O que emerge não é uma fonte de fatos objetivos, mas um ecossistema de informação que reforça uma narrativa específica. A Grokipedia se parece menos com um oráculo imparcial e mais com um banco de dados customizado para validar uma visão de mundo particular.

O Futuro da Verdade: Colaborativo ou Computacional?

O confronto entre Grokipedia e Wikipédia é mais do que uma briga entre bilionários e voluntários. É um vislumbre da batalha pelo futuro do conhecimento. De um lado, temos o modelo da Wikipédia: humano, caótico, transparente em suas disputas e baseado na verificabilidade de fontes. Do outro, o modelo da Grokipedia: centralizado, automatizado e com a autoridade final concedida a um algoritmo programado por uma empresa com interesses claros.

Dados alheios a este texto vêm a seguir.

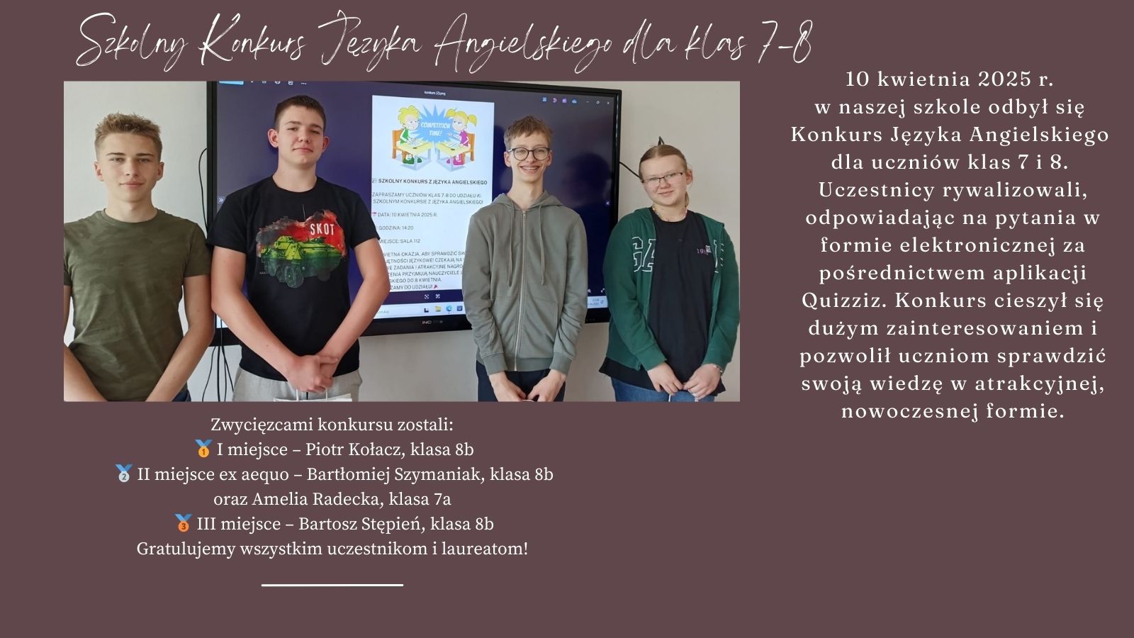 10 kwietnia 2025 r. w naszej szkole odbył się Konkurs Języka Angielskiego dla uczniów klas 7 i 8. Uczestnicy rywalizowali, odpowiadając na pytania w formie elektronicznej za pośrednictwem aplikacji Quizziz. Konkurs cieszył się dużym zainteresowaniem i pozwolił uczniom sprawdzić swoją wiedzę w atrakcyjnej, nowoczesnej formie.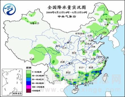图1 全国降水量实况图(6月12日14时~13日14时)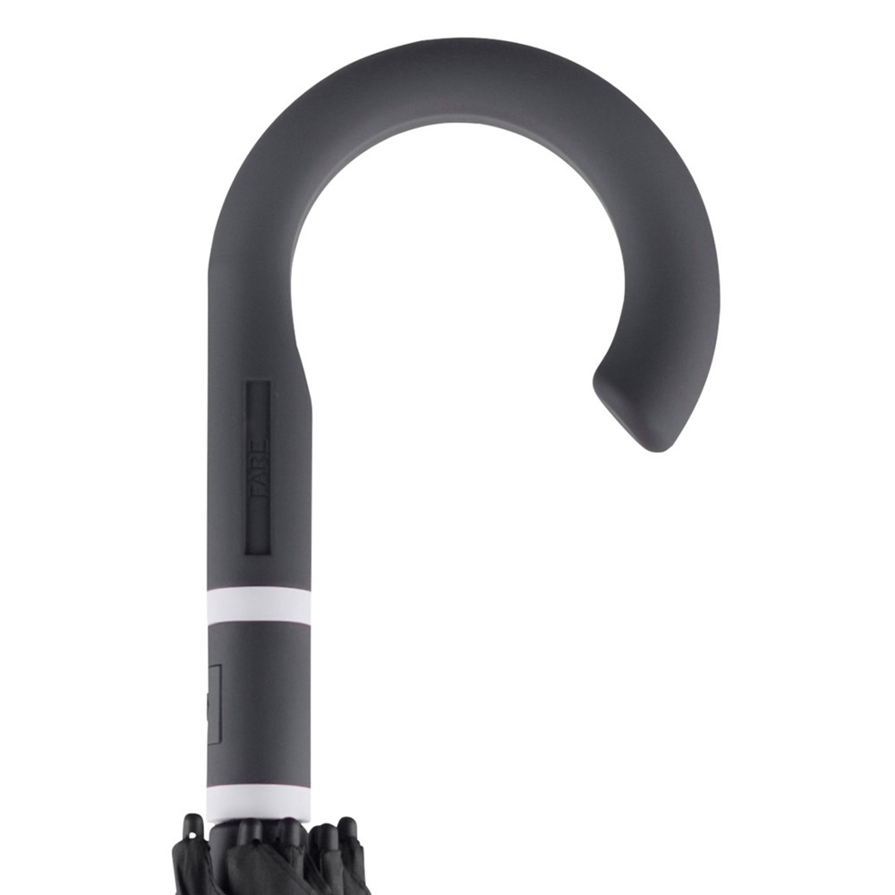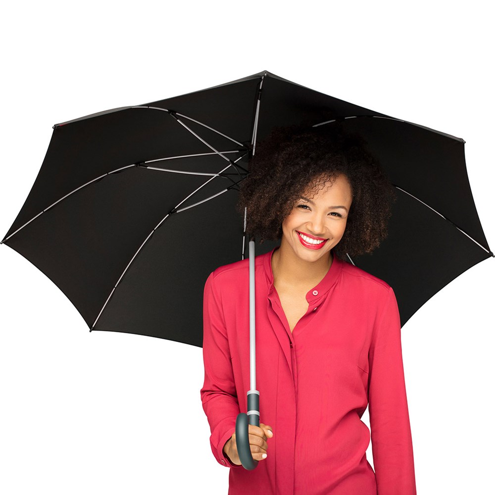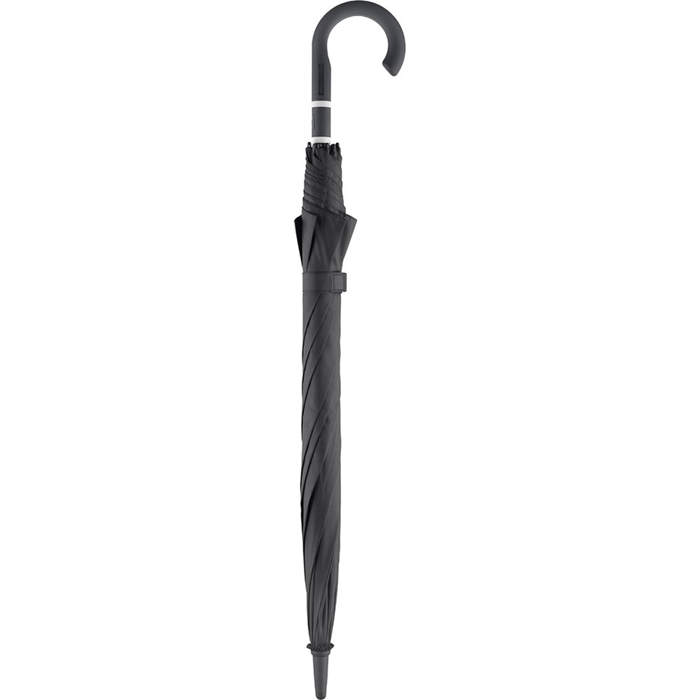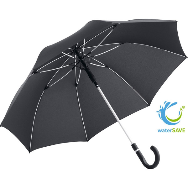 Stylish automatic umbrella in medium size with coloured shaft and coloured ribs Convenient automatic function for quick opening, high-quality Windproof PLUS system for maximum frame flexibility in stormy conditions, flexible fibreglass ribs, stable steel shaft with coloured plastic tube, polyester pongee material made of recycled plastics, eco-friendly thanks to original waterSAVE cover material, with waterSAVE® label on the closing strap, shapely Soft-Feel crook handle with colored handle rings, integrated push-button and promotional labelling option. Also available as mini umbrella (art. 5084, 5484, 5584) and as golf umbrella (art. 2384). Awarded with Promotional Gift Award 2016.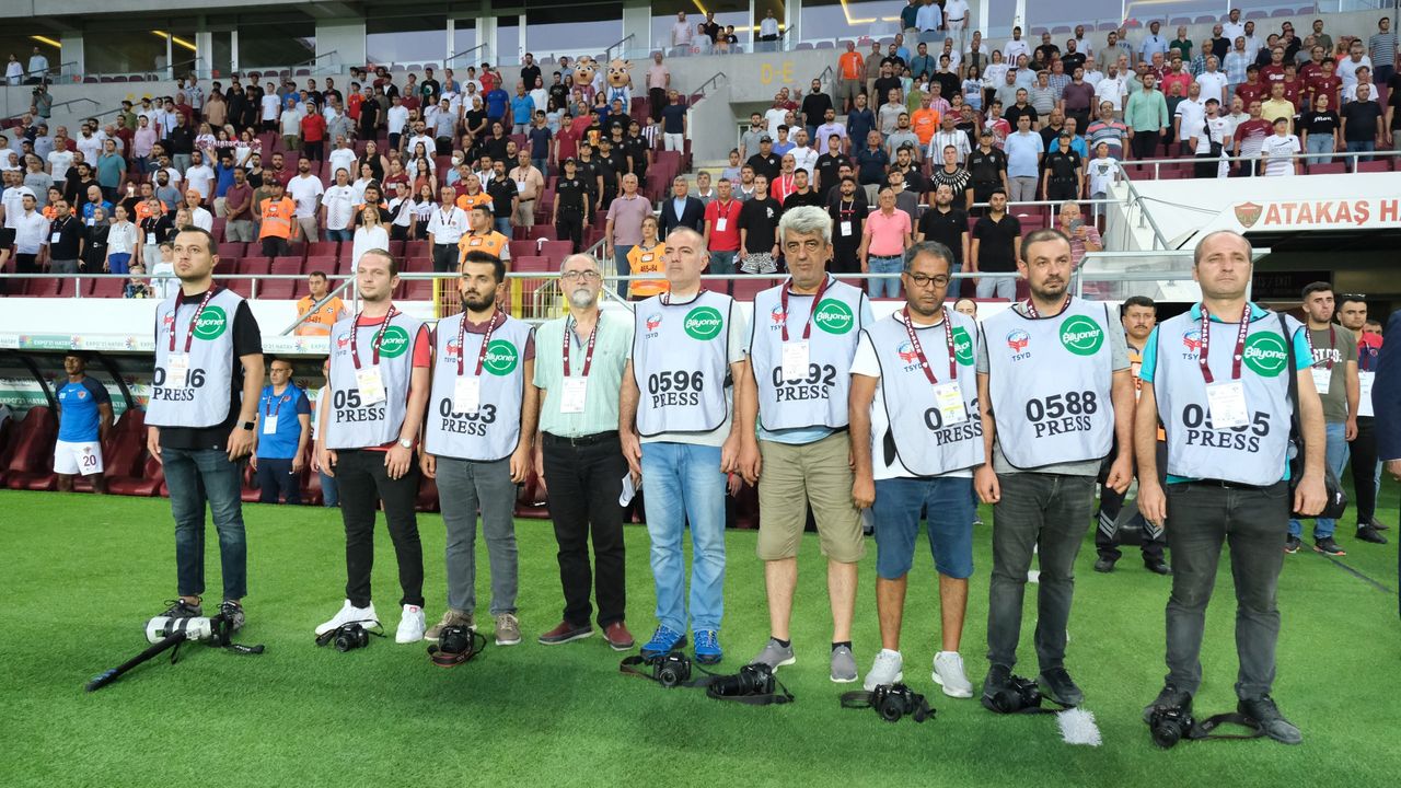 Süper Lig ekibi 3.Hafta Atakaş Hatayspor ile Gaziantep FK karşılaşması öncesinde sahada görev yapan spor muhabirleri Gaziantep-Nizip otoyolunda meydana gelen kazada yaşamını kaybeden meslektaşları İhlas Haber Ajansı ekibinden Muhammed Abdulkadir Esen ile Umut Yakup Tanrıöver için saygı duruşunda bulundular.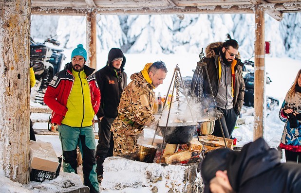 Naravno ova hedonistička tura ne bi bila potpuna bez gastronomskog doživljaja koji smo priuštili našim gostima. Vrhunska vozila, duboki sneg, lepo vreme, adrenalin i vrhunski specijaliteti uz kotlić su upotpunili ovaj događaj.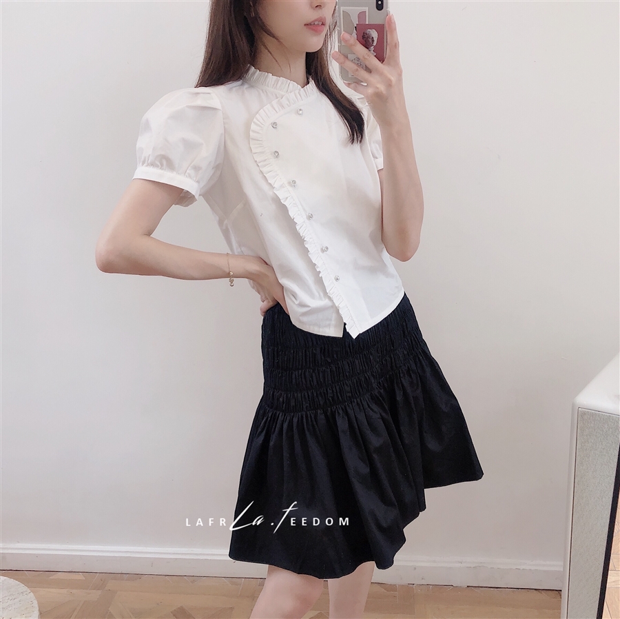 200703不规则门襟钻扣衬衫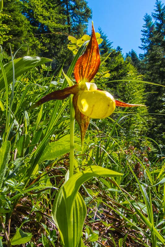 Lady´s slipper orchid (Cypropedium calceolus) on the steep southern slope - fully blown up here.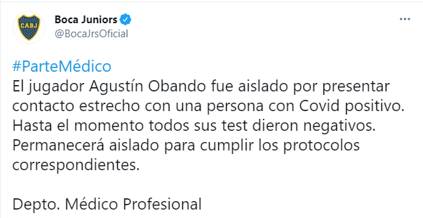 “El jugador Agustín Obando fue aislado por presentar contacto estrecho con una persona con Covid positivo. Hasta el momento todos sus test dieron negativos. Permanecerá aislado para cumplir los protocolos correspondientes“, lee el parte médico que emitió el club a tráves de las redes sociales.

A ironia final é que a Wikipédia, com todos os seus defeitos humanos, serve de combustível para treinar as mesmas IAs que agora ameaçam seu modelo de existência. A questão que a Grokipedia nos força a encarar não é apenas qual plataforma é mais confiável, mas sim quem — ou o quê — terá o poder de escrever e reescrever nossa história na era digital. A guerra pela enciclopédia do futuro começou, e o prêmio é o controle sobre a própria definição da realidade.